### [Material for this exercise]
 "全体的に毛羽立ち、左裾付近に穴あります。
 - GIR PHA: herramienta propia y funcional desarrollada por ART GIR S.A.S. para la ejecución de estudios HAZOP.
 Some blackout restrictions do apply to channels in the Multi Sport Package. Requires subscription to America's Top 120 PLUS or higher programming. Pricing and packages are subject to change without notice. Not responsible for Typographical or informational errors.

---

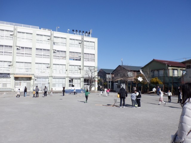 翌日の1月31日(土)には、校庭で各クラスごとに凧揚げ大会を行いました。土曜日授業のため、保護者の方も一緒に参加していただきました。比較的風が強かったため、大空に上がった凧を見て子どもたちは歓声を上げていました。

* * *

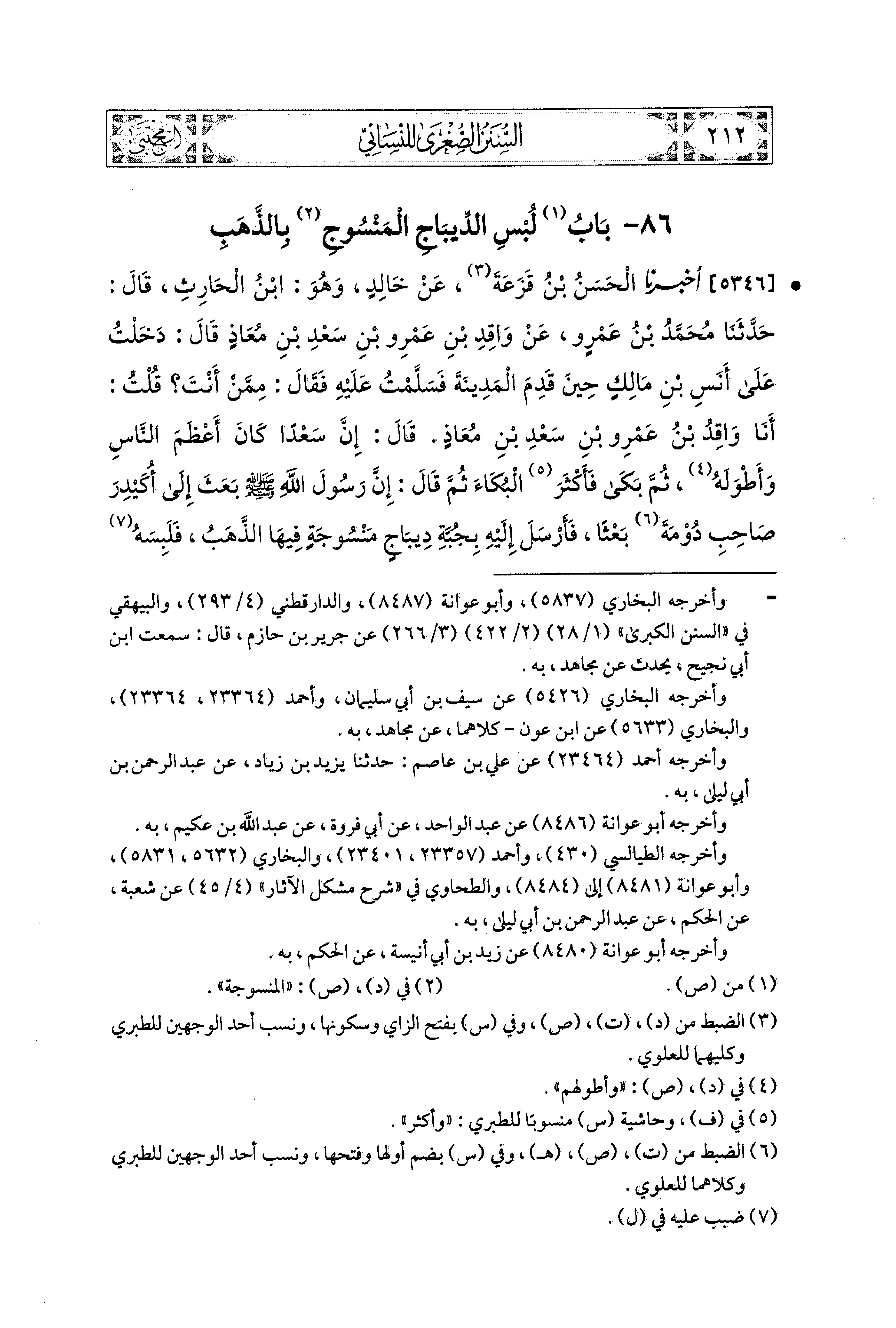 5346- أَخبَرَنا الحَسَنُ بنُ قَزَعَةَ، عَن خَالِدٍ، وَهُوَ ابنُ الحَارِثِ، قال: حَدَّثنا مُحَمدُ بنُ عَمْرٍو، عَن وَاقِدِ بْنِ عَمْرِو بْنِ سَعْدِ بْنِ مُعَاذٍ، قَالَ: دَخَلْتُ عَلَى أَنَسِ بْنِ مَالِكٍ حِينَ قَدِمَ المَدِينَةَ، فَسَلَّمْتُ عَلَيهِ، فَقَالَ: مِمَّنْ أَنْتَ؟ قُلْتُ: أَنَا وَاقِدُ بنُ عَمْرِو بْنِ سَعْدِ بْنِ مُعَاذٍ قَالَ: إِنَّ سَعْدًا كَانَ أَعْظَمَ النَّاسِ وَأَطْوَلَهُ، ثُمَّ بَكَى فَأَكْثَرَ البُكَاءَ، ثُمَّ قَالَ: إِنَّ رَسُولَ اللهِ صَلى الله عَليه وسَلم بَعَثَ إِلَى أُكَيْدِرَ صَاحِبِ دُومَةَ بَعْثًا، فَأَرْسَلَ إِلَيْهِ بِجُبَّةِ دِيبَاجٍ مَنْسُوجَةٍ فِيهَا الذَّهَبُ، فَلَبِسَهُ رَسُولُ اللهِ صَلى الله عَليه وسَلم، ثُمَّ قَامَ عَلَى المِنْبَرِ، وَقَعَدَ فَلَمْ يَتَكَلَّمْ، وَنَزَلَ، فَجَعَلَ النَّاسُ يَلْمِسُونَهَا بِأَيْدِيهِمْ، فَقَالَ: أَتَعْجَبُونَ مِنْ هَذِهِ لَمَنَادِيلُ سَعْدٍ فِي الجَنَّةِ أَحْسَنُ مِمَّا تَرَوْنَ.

### [Requirement]
Copy only this part of the entries above: the line with "- GIR PHA: herramienta", the line with "Some blackout restrictions", and the lines between, all exactly as written.

### [The completed task]
 - GIR PHA: herramienta propia y funcional desarrollada por ART GIR S.A.S. para la ejecución de estudios HAZOP.
 Some blackout restrictions do apply to channels in the Multi Sport Package. Requires subscription to America's Top 120 PLUS or higher programming. Pricing and packages are subject to change without notice. Not responsible for Typographical or informational errors.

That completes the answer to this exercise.